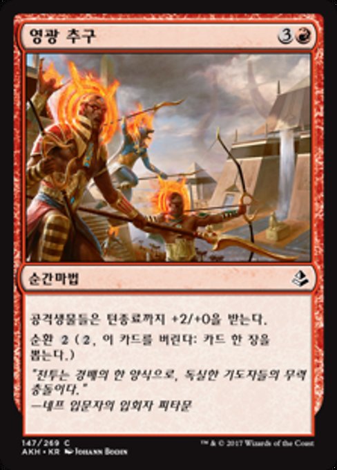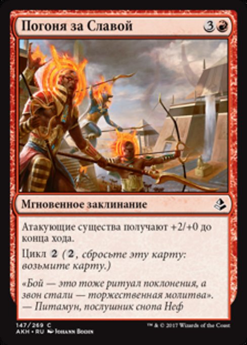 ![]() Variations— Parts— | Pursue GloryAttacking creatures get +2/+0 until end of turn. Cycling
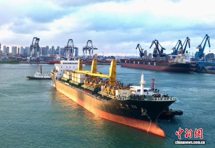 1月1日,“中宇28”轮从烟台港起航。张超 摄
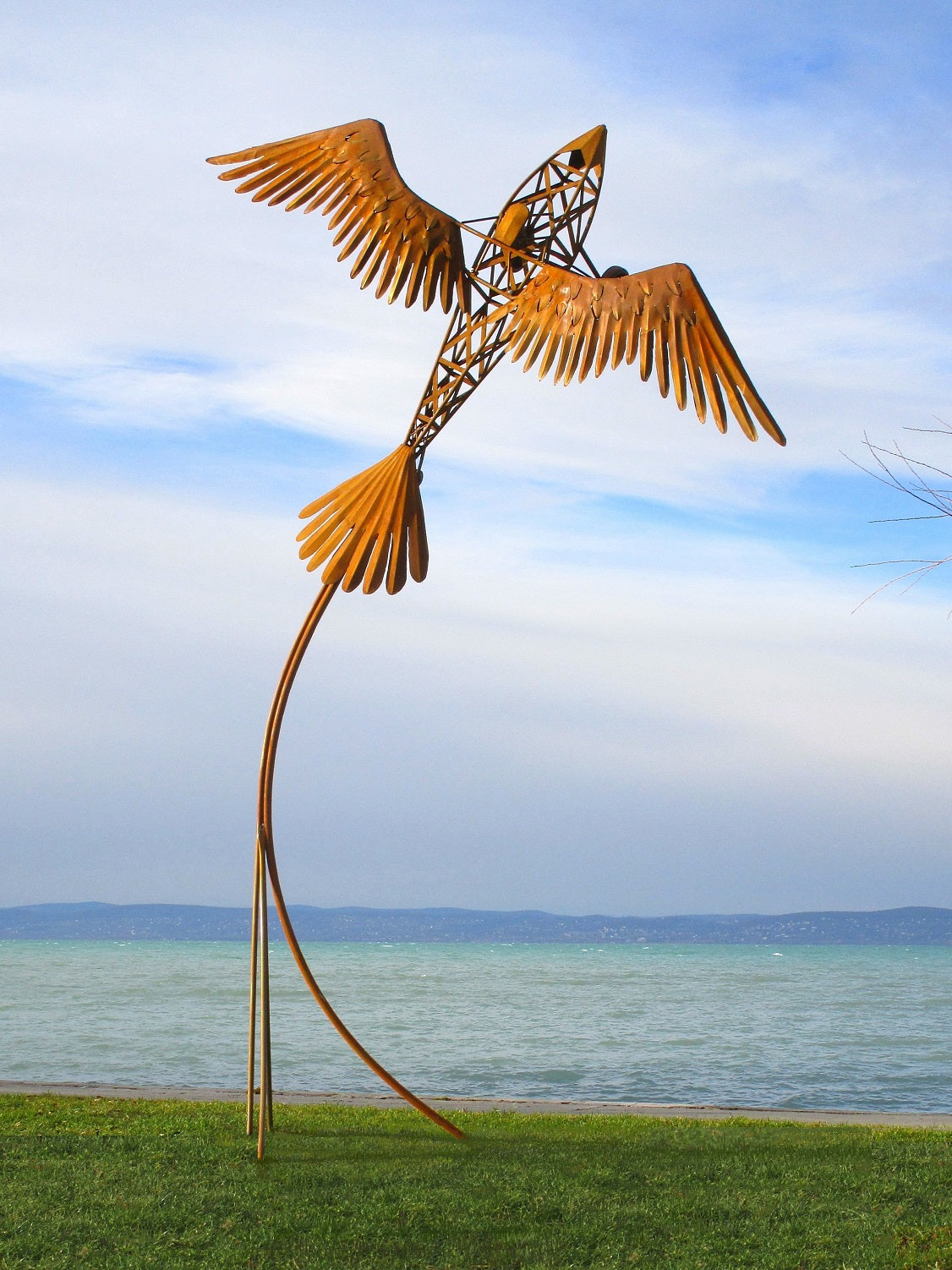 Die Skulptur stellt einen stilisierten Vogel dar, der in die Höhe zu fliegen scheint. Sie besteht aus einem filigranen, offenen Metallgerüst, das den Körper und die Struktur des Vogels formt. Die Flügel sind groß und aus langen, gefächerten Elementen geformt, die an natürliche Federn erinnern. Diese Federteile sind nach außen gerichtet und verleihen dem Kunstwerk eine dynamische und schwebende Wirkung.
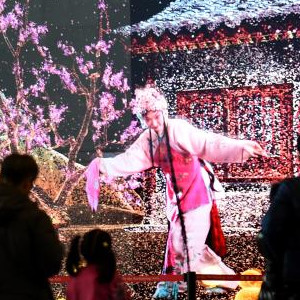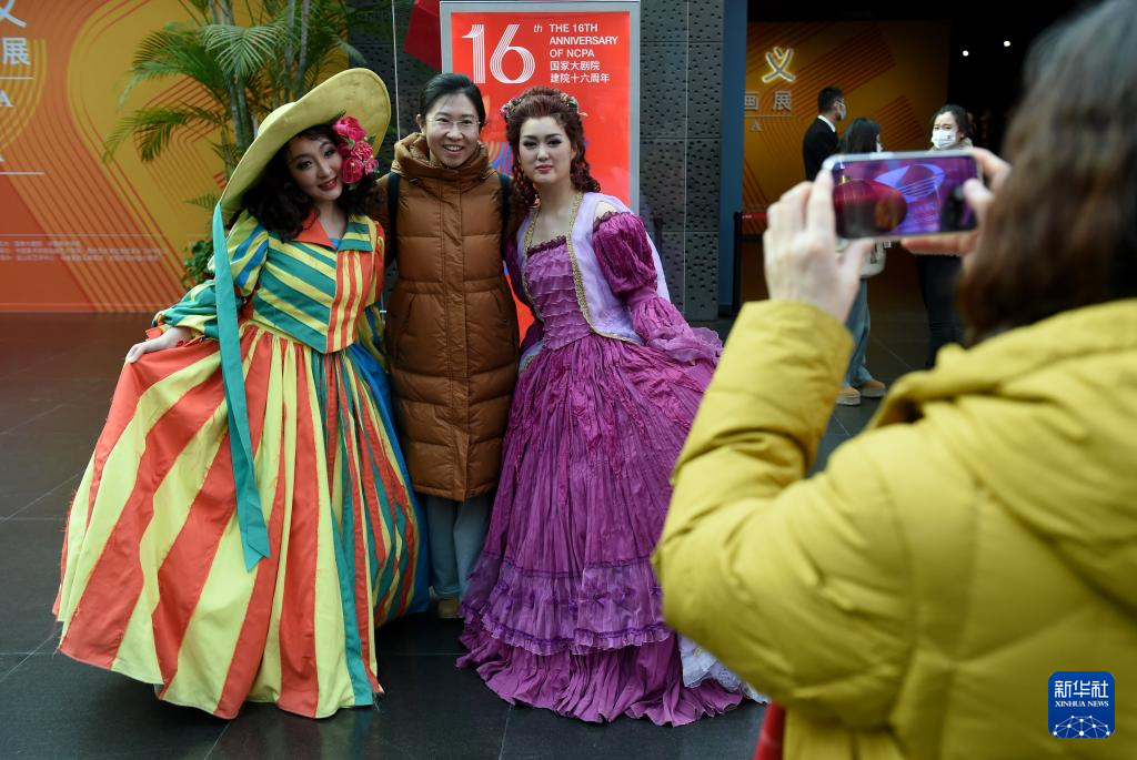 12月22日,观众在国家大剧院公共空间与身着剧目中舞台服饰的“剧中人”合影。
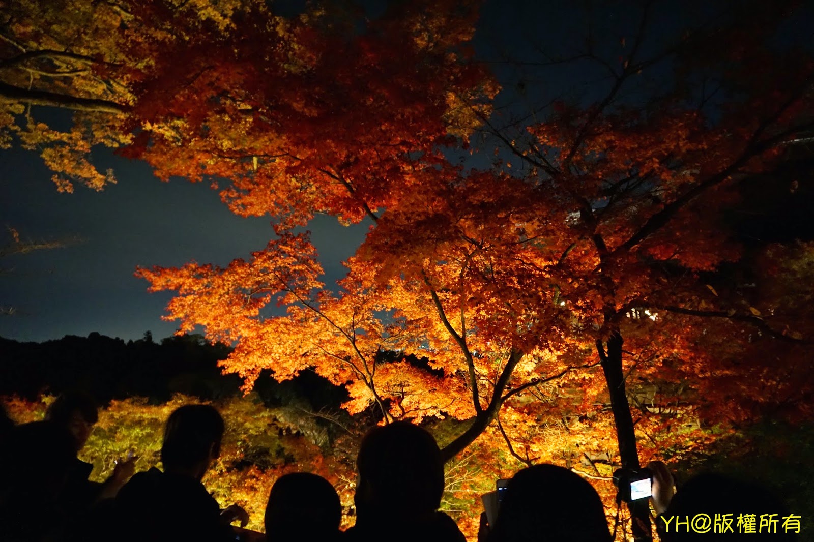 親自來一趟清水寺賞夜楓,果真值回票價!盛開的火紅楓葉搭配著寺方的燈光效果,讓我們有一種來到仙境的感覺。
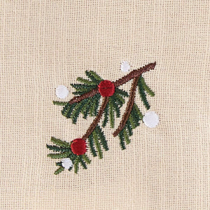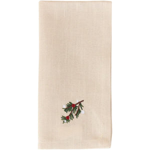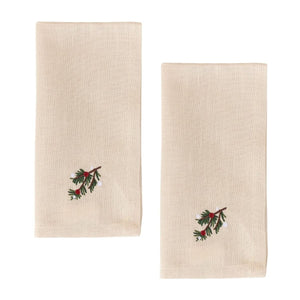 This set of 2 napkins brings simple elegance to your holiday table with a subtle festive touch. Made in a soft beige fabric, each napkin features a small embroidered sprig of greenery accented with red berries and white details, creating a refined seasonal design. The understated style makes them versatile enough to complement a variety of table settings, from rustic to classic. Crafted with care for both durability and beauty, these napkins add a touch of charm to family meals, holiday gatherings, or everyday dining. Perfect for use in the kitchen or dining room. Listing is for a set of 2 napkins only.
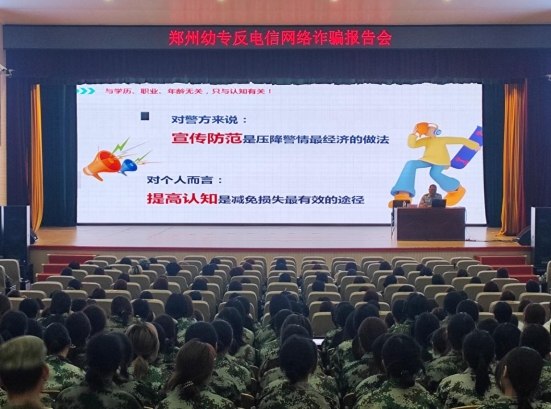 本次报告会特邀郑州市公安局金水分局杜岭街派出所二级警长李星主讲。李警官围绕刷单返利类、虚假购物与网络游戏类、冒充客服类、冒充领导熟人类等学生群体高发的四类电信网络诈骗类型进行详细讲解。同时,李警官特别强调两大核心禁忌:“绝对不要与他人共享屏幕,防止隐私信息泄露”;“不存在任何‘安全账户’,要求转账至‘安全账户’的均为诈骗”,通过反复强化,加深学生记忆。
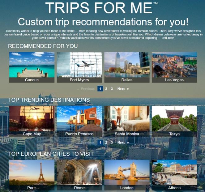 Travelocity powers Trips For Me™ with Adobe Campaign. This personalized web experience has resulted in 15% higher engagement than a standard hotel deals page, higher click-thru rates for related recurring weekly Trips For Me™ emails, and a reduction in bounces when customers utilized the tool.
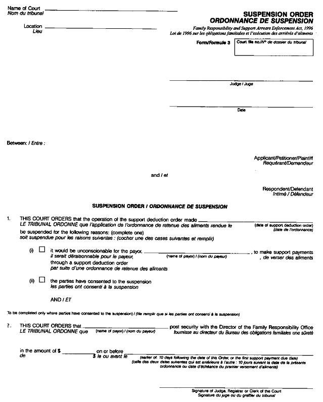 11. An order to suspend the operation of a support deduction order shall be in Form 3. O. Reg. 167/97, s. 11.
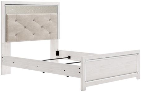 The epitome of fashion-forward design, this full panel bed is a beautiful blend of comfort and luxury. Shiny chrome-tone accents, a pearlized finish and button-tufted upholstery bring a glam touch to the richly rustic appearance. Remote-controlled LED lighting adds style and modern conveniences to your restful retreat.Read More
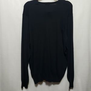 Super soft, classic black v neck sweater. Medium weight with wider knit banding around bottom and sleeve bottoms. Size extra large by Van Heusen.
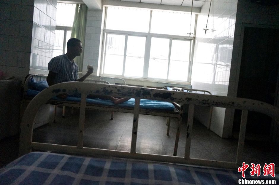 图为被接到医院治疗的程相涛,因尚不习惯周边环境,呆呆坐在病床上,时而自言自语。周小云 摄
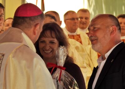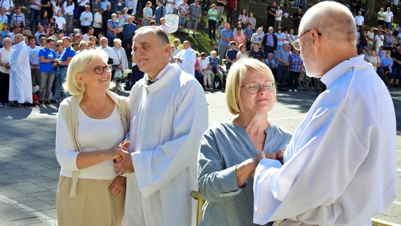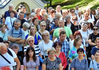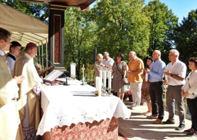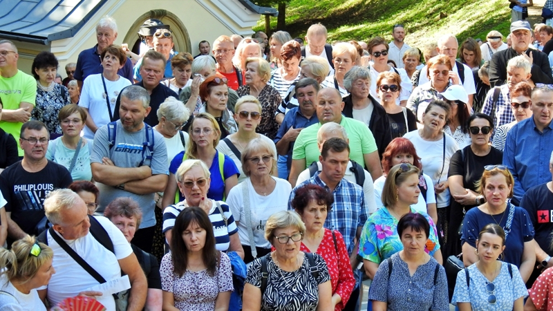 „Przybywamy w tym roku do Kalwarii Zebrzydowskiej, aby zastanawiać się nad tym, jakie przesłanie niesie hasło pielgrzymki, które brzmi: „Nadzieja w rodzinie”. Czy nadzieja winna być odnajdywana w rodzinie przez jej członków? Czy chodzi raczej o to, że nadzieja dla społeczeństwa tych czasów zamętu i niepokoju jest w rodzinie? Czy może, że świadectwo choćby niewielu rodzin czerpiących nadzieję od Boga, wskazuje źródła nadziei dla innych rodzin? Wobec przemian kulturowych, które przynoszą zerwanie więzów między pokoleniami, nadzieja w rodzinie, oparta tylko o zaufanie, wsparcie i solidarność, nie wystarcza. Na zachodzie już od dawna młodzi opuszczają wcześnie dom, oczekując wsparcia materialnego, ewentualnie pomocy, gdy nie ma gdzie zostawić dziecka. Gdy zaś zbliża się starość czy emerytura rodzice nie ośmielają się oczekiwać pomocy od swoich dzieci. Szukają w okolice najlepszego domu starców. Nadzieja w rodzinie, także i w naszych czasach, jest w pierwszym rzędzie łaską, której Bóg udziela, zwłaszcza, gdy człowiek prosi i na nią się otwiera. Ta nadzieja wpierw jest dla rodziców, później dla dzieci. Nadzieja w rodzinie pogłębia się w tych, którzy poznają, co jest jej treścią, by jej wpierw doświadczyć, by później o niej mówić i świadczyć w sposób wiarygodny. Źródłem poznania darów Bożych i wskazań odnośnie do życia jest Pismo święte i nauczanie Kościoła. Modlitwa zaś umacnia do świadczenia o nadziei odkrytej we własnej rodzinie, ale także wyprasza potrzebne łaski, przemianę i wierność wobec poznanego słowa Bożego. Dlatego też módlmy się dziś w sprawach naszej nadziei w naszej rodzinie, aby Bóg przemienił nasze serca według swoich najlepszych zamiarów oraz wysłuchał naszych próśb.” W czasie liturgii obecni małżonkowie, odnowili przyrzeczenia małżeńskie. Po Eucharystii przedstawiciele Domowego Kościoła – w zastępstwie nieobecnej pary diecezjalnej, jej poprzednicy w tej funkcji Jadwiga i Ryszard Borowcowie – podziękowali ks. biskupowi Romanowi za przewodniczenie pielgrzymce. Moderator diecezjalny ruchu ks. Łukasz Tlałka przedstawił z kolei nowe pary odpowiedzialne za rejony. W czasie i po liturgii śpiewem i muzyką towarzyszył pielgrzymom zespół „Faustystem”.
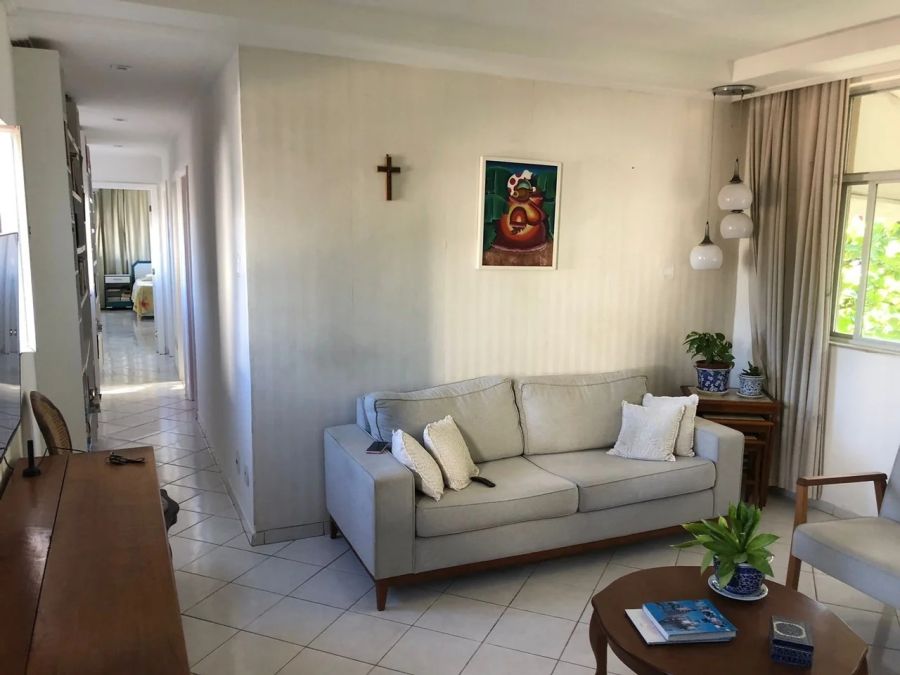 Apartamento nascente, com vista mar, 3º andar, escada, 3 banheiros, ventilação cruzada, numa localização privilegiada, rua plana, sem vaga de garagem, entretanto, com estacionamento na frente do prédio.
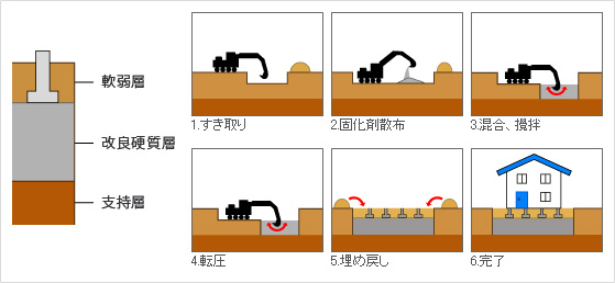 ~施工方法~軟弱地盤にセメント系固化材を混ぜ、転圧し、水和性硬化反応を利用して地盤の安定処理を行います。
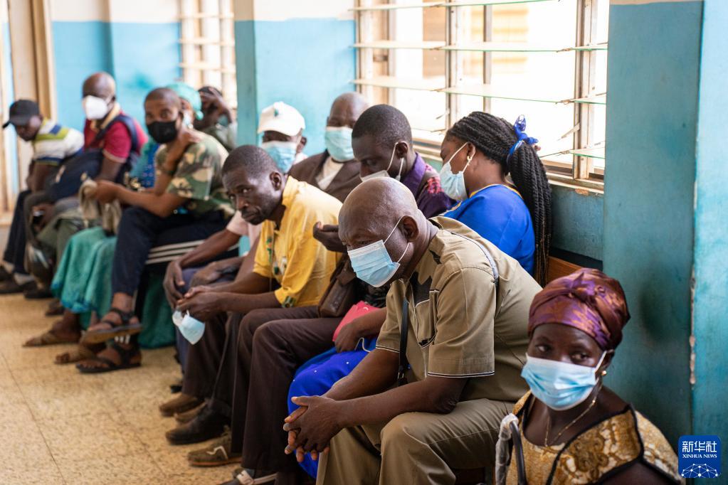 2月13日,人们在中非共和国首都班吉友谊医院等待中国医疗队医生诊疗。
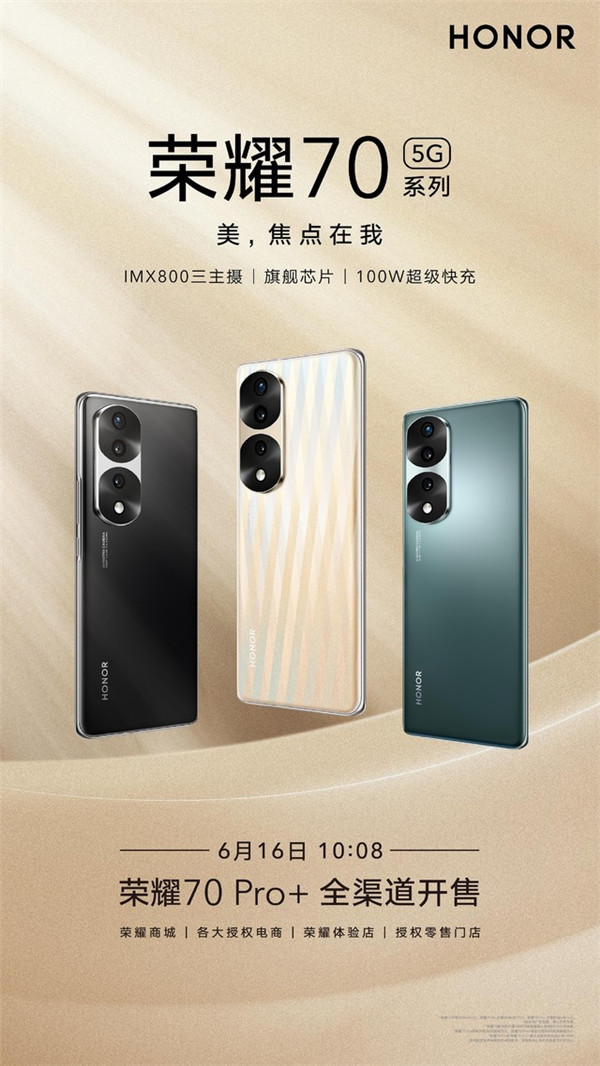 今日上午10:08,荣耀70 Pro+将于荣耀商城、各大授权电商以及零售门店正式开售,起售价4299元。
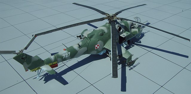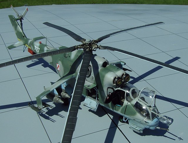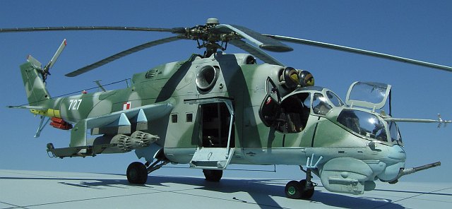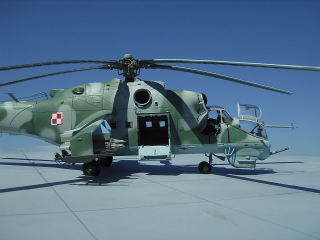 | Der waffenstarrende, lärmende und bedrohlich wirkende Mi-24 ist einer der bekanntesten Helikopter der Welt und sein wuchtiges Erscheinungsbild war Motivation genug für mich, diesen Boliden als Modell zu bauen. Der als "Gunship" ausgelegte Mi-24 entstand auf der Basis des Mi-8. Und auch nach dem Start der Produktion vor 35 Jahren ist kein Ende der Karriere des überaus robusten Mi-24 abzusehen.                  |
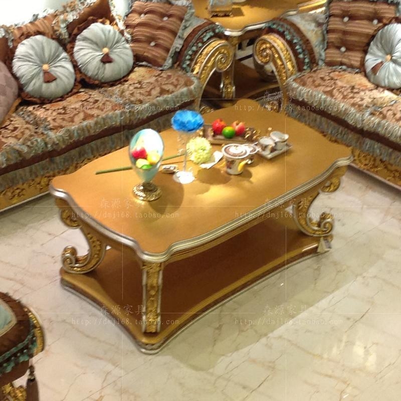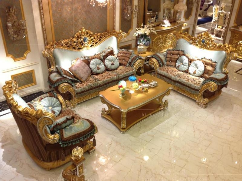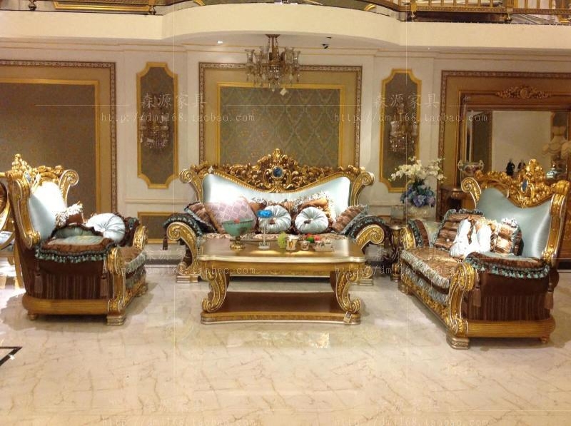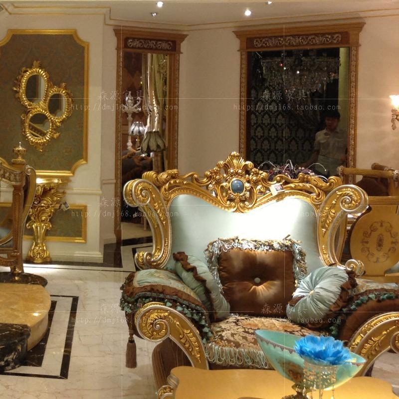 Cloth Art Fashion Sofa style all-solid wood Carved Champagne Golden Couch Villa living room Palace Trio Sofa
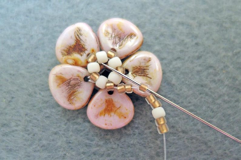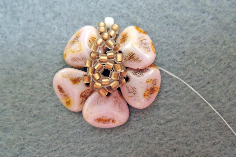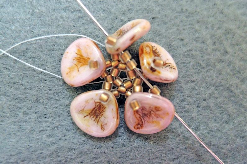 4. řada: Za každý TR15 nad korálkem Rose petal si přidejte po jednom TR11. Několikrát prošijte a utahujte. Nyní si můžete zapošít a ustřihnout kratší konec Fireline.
——————————
**Task statement**
Going by the data above, give back only the lines from the one containing "The epitome of" through the one containing "图为被接到医院治疗的程相涛,因尚不习惯周", exactly as they stand, both ends included and no images.

**Final answer**
 The epitome of fashion-forward design, this full panel bed is a beautiful blend of comfort and luxury. Shiny chrome-tone accents, a pearlized finish and button-tufted upholstery bring a glam touch to the richly rustic appearance. Remote-controlled LED lighting adds style and modern conveniences to your restful retreat.Read More
 Super soft, classic black v neck sweater. Medium weight with wider knit banding around bottom and sleeve bottoms. Size extra large by Van Heusen.
 图为被接到医院治疗的程相涛,因尚不习惯周边环境,呆呆坐在病床上,时而自言自语。周小云 摄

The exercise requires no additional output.